[DATA LISTING — start]

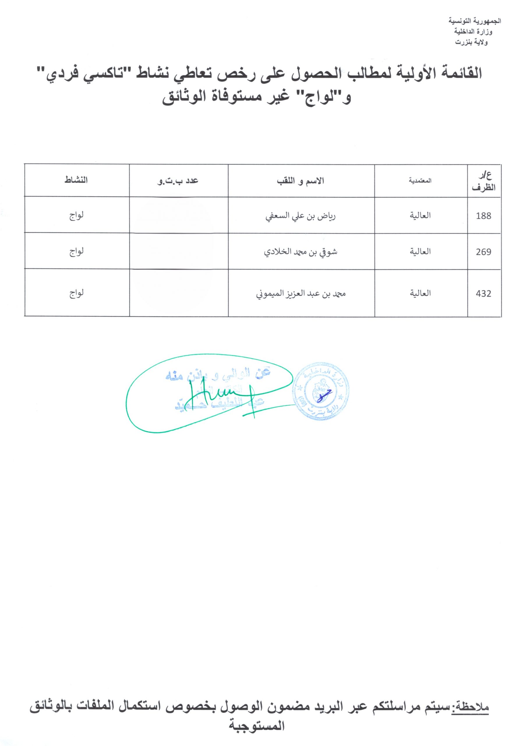 بلاغاتنشاط ** القائمة الأولية لمطالب الحصول على رخصة تعاطي نشاط ” تاكسي فردي ” و” لواج ” غير المستوفاة الوثائق بمعتمدية العالية في فبراير 18, 2026 0 عدد المشاهدات : 24 0 Share
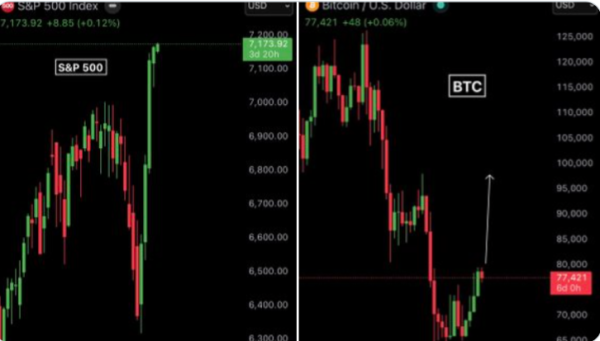 Поки що акції перебувають на історичних максимумах, а біткоїн — ні. Цей розрив або закриється, або покаже важливе питання, де криптовалюта зараз знаходиться в поточному ринковому циклі.
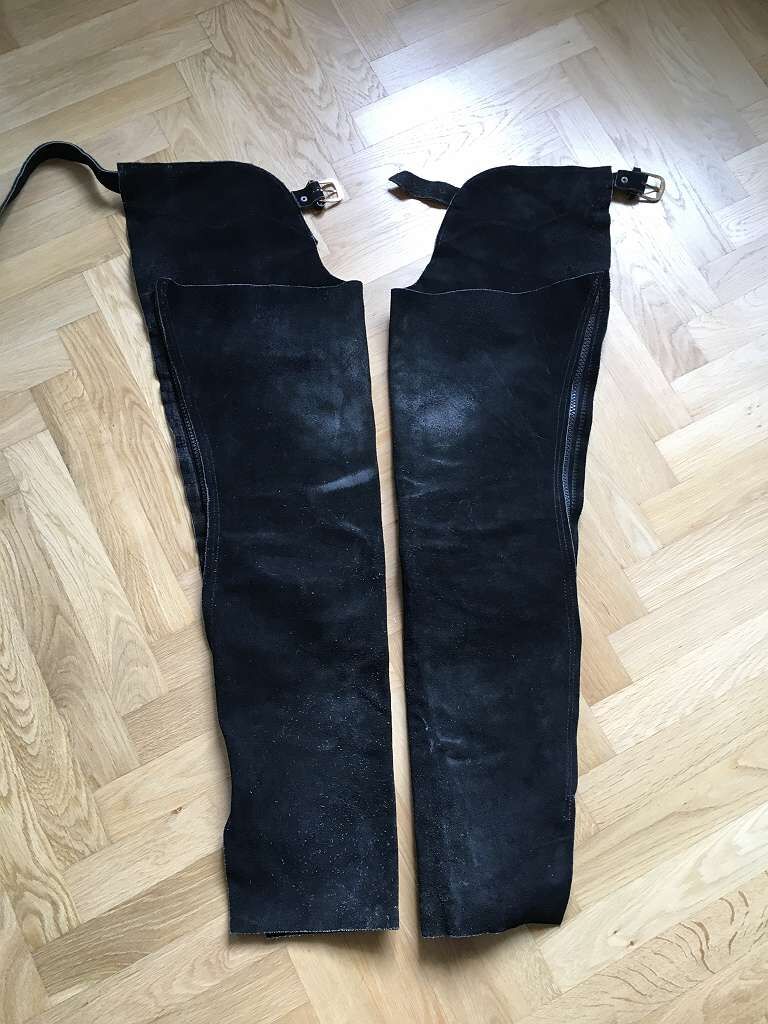 Kepsar Långkapsar Fullkapsar - Western chaps, svart mocka, lite begagnade och i bra skick, dragkedjor är tip-top, går ganska små (storlek 36?). Jag (1,71, 56 kg, storlek 38) får fortfarande plats, men de är lite för tajta för mig.
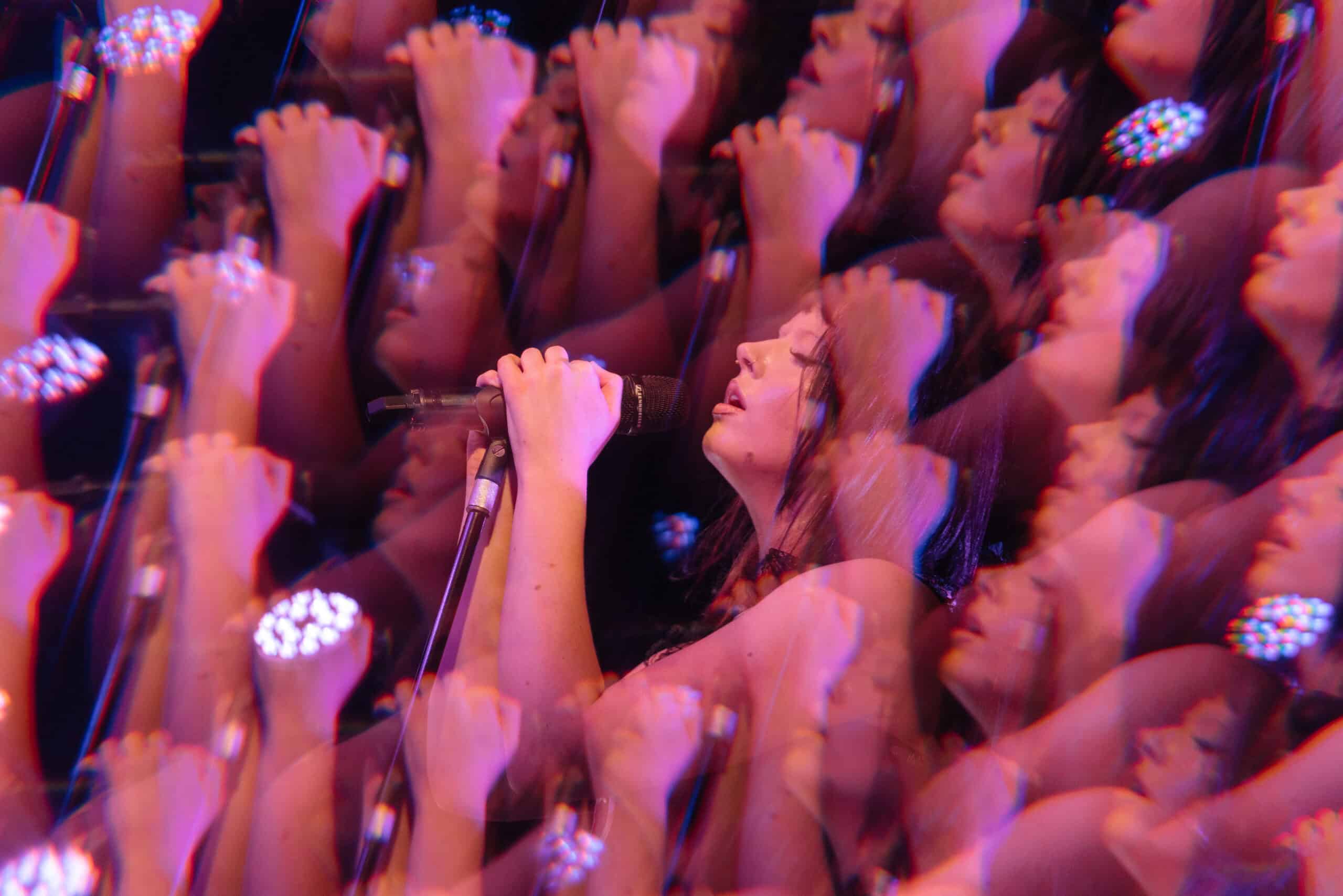 She began with Overdue, stripped back to an acoustic version. Without the studio polish or electronic effects, the song felt entirely reborn â fragile, raw, and intimate. Sitting on a clear plastic stool, she sang with a poise that was almost cinematic, offering her stories to the crowd in hushed honesty.
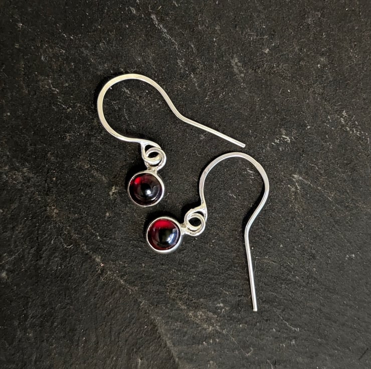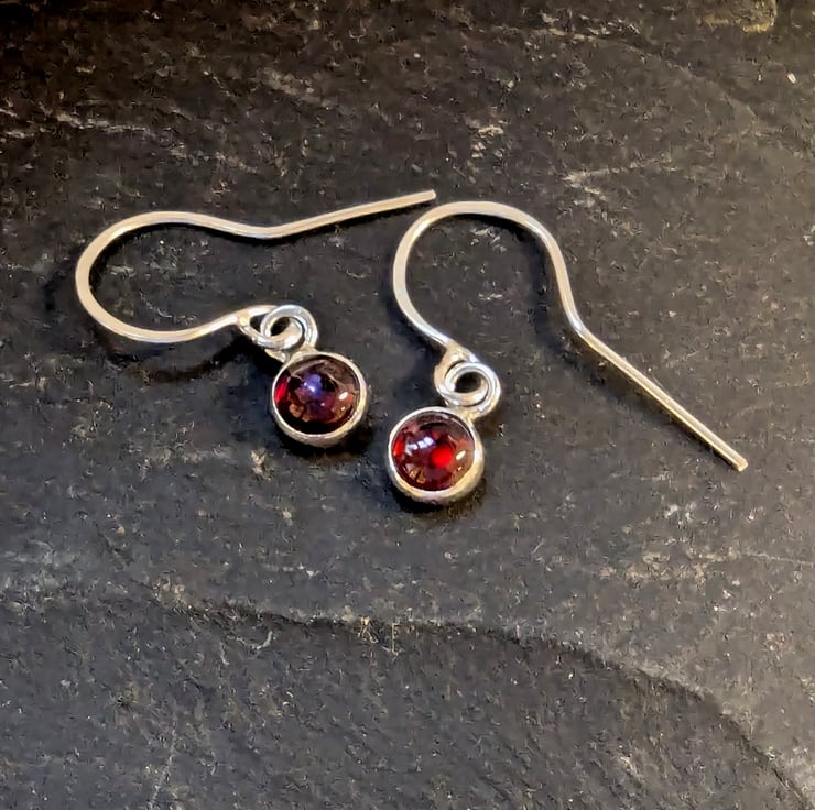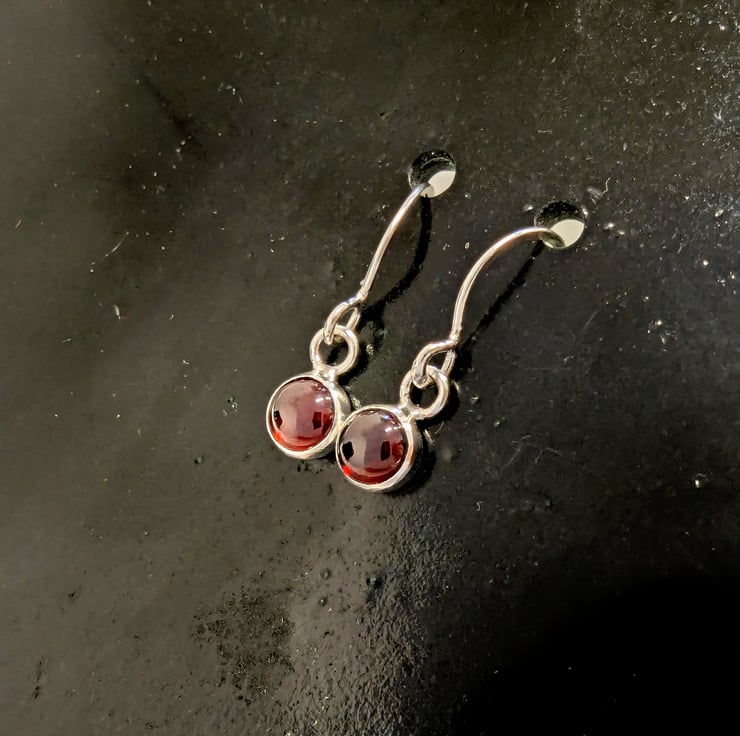 DANGLE Sterling Silver Garnet droplet earrings, Handmade Urban Jewellery

[DATA LISTING — finish]

YOUR TASK -
Give every record again without changing a word. Exclude the pictures.

ANSWER TO THIS PROBLEM -
 بلاغاتنشاط ** القائمة الأولية لمطالب الحصول على رخصة تعاطي نشاط ” تاكسي فردي ” و” لواج ” غير المستوفاة الوثائق بمعتمدية العالية في فبراير 18, 2026 0 عدد المشاهدات : 24 0 Share
 Поки що акції перебувають на історичних максимумах, а біткоїн — ні. Цей розрив або закриється, або покаже важливе питання, де криптовалюта зараз знаходиться в поточному ринковому циклі.
 Kepsar Långkapsar Fullkapsar - Western chaps, svart mocka, lite begagnade och i bra skick, dragkedjor är tip-top, går ganska små (storlek 36?). Jag (1,71, 56 kg, storlek 38) får fortfarande plats, men de är lite för tajta för mig.
 She began with Overdue, stripped back to an acoustic version. Without the studio polish or electronic effects, the song felt entirely reborn â fragile, raw, and intimate. Sitting on a clear plastic stool, she sang with a poise that was almost cinematic, offering her stories to the crowd in hushed honesty.
 DANGLE Sterling Silver Garnet droplet earrings, Handmade Urban Jewellery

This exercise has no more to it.